Yep ...I'm in...I live in Gilbert, am free any time in August and will meet where ever is convenient for the group.


----------



## Dankinia (Jun 20, 2009)

So we need to plan for somewhere between Gilbert and Phoenix then?  Maybe Tempe or even Scottsdale?  I am not sure how far that would be from you Cowgirl.  Maybe the weekend of the 29th?  That is the last weekend in August.


----------



## Cowgirl (Nov 1, 2008)

I''ll go to Scottsdale. I know that area better than Tempe but would also go there.  So far the weekend of the 29th would work with the exception of Sunday the 31st.  I'm leaving for Portugal the following a.m. and need to tie up loose ends that day.


----------



## Dankinia (Jun 20, 2009)

Scottsdale is fine with me.  I don't go out that way very often but with my trusty GPS I am sure I won't get lost.


----------



## F1Wild (Jun 15, 2009)

I'm in Ahwatukee...a bit out of the way, but I'm willing to go anywhere for a meet-up.  If we keep it close to a freeway it would save a bit of hassle.


----------



## Cowgirl (Nov 1, 2008)

F1...I just commented on another thread that you needed to find this one and here you are.  I really will go anywhere that's convenient for everybody else as long as it's not downtown Phoenix!  Pick a place and I'll be there.


----------



## F1Wild (Jun 15, 2009)

How about Saturday afternoon, the 29th around 1-2pm?  Where do these meet-ups usually take place?  At a bookstore or restaurant?


----------



## Cowgirl (Nov 1, 2008)

F1Wild said:


> How about Saturday afternoon, the 29th around 1-2pm? Where do these meet-ups usually take place? At a bookstore or restaurant?


That day and time work for me. I think a few of the meet ups were at food courts at a Mall. What about the Chandler Mall?


----------



## F1Wild (Jun 15, 2009)

Cowgirl said:


> That day and time work for me. I think a few of the meet ups were at food courts at a Mall. What about the Chandler Mall?


That would be a little out of the way for those coming from Peoria. I think some place off of the 101 in Scottsdale would be better since those coming from the west side could hop on the 101 as well us us Eastsiders.

But if everyone insisted Chandler would be a cakewalk for me.


----------



## Cowgirl (Nov 1, 2008)

I was just throwing the Chandler Mall out there because they have a food court and I'm familiar with it. I'm not that familiar with other areas but will go where ever everyone agrees.


----------



## The Atomic Bookworm (Jul 20, 2009)

A Food Court at a Mall sounds great... now to figure out a Mall that's near a freeway and relatively in the middle of everyone.

How does Scottsdale Fashion Square sound?
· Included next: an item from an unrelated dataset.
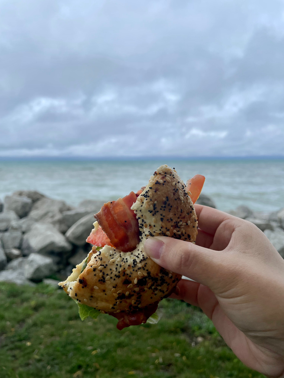 costco everything bagel 在toaster上烤一下,上下涂丘比沙拉酱,放罗曼叶生菜,切片西红柿,撒盐和胡椒,煎好的培根。还可以加一个煎蛋变BELT。白人饭也不是不能吃嘛。

We'd have the options of a Borders (across Camelback), a Food Court, and a Starbucks all in the same place.


----------



## Cowgirl (Nov 1, 2008)

I'm ok with Fashion Square at the food court.  I don't know if Borders wants us there with our kindles.


----------



## F1Wild (Jun 15, 2009)

There is also a really cool book store called The Poisoned Pen, not far from SFS.  They have tons of events and are scheduled to have 2 authors there on the 29th.  Might be interesting and a chance to ask authors what they think about Kindle.

Just looked up the authors:
Thomas Greanias will be signing Atlantis Revelation.  He has Kindle books available.
Timothy Hallinan signs a new Bangkok novel, Breathing Water.  He also has Kindle books.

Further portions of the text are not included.